Ante, at 12–13. And subparagraph (C)
explicitly says “the requirements of this subsection”—which include
§2244(b)(1)—must be satisfied before certification. It’s more than
a little telling that the majority finds itself forced both to
rewrite §2255(h)’s terms and to ignore §2244(b)(3)(C)’s
directions.
Finally, Mr. Bowe retreats to the position that
federal prisoners
must be exempt from subsection (b)(1)
because AEDPA was designed to treat state prisoners more harshly
than federal prisoners. But, in fact, AEDPA often treats the two
groups the same, and not just when it comes to second or successive
filings. To take just one example, §2253(c) requires a prisoner to
secure a “certificate of appealability” before appealing from a
habeas
or §2255 loss in federal district court. State and
federal prisoners alike thus must satisfy that provision’s demands.

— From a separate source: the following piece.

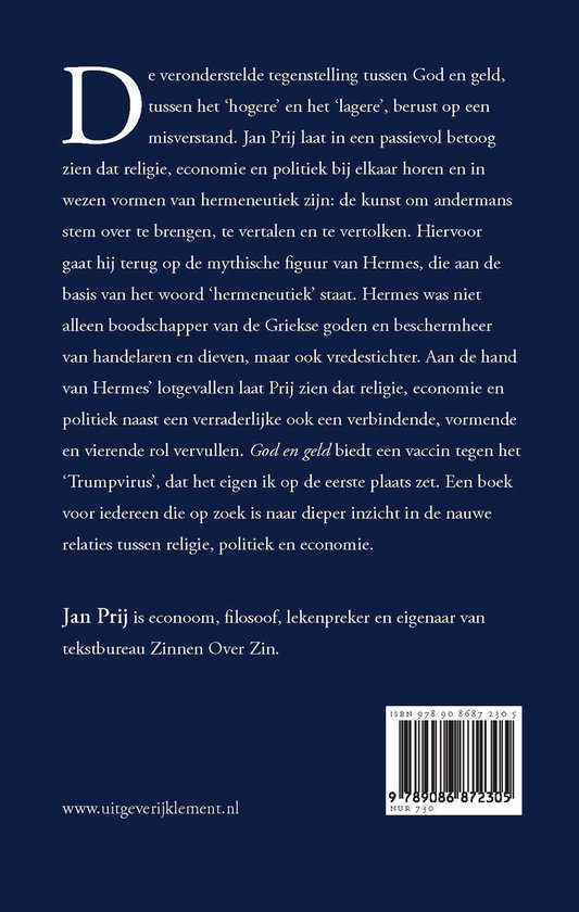 Jan Prij is econoom, filosoof en lekenpreker. Hij laat zien hoe religie, economie en politiek met elkaar verbonden zijn en geeft zijn visie op deze drie aspecten van het leven vanuit bovenstaand gezichtspunt. De Griekse god Hermes vormt de rode draad. In hem komen religie, economie en politiek bij elkaar. De hermeneutiek is met zijn naam verbonden. Zij staat voor het overbrengen, vertalen en interpreteren van andermans gedachten. Dit is volgens Prij de essentie van religie, economie en politiek. De hermeneutische kern van religie is dat zij hemel en aarde met elkaar probeert te verbinden. De economie staat in het teken van het verbinden van inspirerende idealen en de aardse werkelijkheid van alledag. Bij de politiek gaat het om het vermogen om vrede te stichten en het goede leven mogelijk te maken.

See §2253(c); cf. §2266(a) (requiring identical treatment for
certain state- and federal-prisoner filings). And it should shock
no one that Congress might proceed similarly here and exhibit an
intolerance for do-over claims no matter who seeks to pursue
them.[
9]
*
The majority today commits two serious
mistakes. First, in its zeal to resolve a circuit split, the
majority asserts jurisdiction where we have none. With statutory
text and 30 years of case law in this Court and lower courts
aligned against it, the majority bases its claim of jurisdiction on
a new and curiously contoured clear-statement rule that is as
needless as it is unprecedented. Second, and compounding its
jurisdictional overreach, the majority adopts an implausible view
on the merits. AEDPA didn’t suddenly free federal prisoners from
pre-existing restrictions on do-over claims. Just the opposite: It
imposed additional “carefully crafted limits” on collateral attacks
by federal and state prisoners alike.
Jones, 599 U. S.,
at 482. And, quite unsurprisingly, one of those limits includes an
unmistakable and absolute bar on do-over claims. Because neither of
the majority’s innovations are compatible with Congress’s
directions in AEDPA, I respectfully dissent.